Required work:
Extract the lines of the material below, beginning with the first and ending with the line that holds "is 25,5 kg.". Skip every picture.

The data:
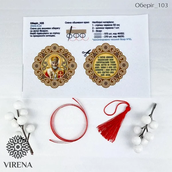 Схема оберегу нанесена на фетрову основу. З однієї сторони зображена ікона, а з іншої — молитва.
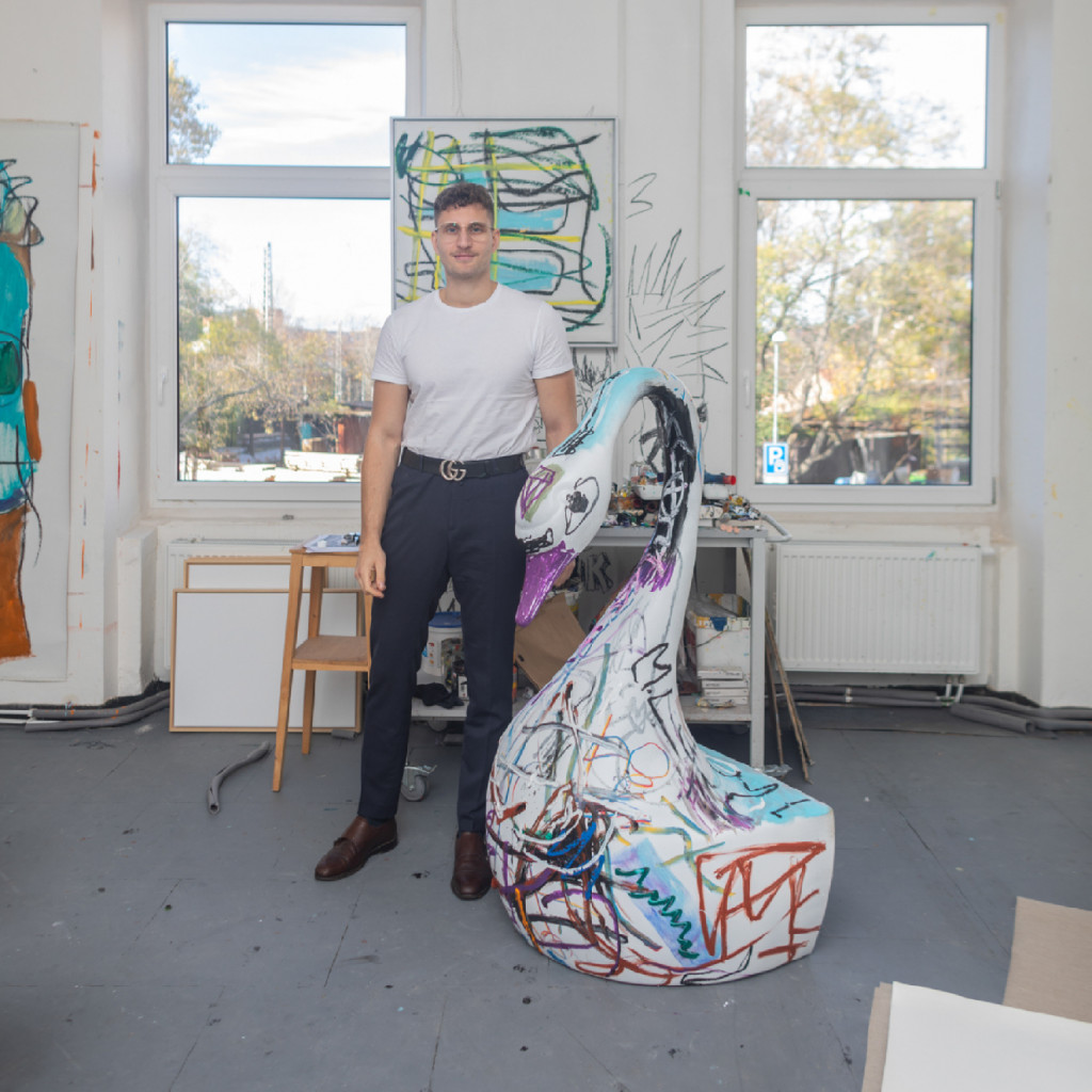 The “Trophy” swan is part of the Swans project, which was created as a tribute to director Věra Chytilová’s film The Inheritance, or Fuckoffguysgoodday. To celebrate the 30th anniversary of the film, we approached three artists and designers to create artworks out of one of its iconic symbols: a full-sized carousel swan. The weight of the swan is 25,5 kg.
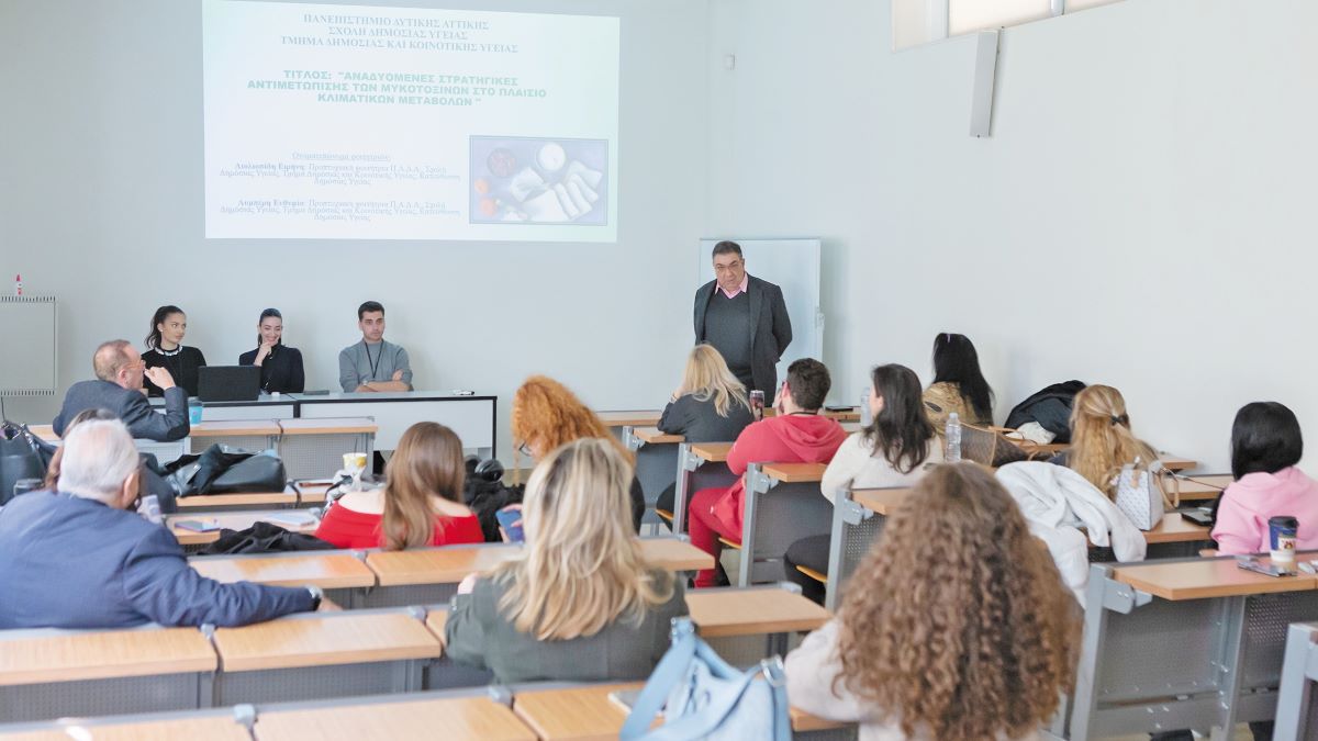 Μία πρωτότυπη πρωτοβουλία των φοιτητών του Τμήματος Δημόσιας και Κοινοτικής Υγείας του Πανεπιστημίου Δυτικής Αττικής (ΠΑΔΑ) πραγματοποιήθηκε την Τετάρτη 17 Δεκεμβρίου 2025 στην Πανεπιστημιούπολη 3, με τη διοργάνωση της ημερίδας «Κλιματική Αλλαγή, Ασφάλεια Τροφίμων και Δημόσια Υγεία». Το ιδιαίτερο χαρακτηριστικό της εκδήλωσης ήταν ότι οι ίδιοι οι φοιτητές ανέλαβαν τον ρόλο των εισηγητών, δίνοντας έμφαση στην ενημέρωση της κοινωνίας και προβάλλοντας τη δυναμική της εκπαίδευσης του ΠΑΔΑ.

Your solution:
 Схема оберегу нанесена на фетрову основу. З однієї сторони зображена ікона, а з іншої — молитва.
 The “Trophy” swan is part of the Swans project, which was created as a tribute to director Věra Chytilová’s film The Inheritance, or Fuckoffguysgoodday. To celebrate the 30th anniversary of the film, we approached three artists and designers to create artworks out of one of its iconic symbols: a full-sized carousel swan. The weight of the swan is 25,5 kg.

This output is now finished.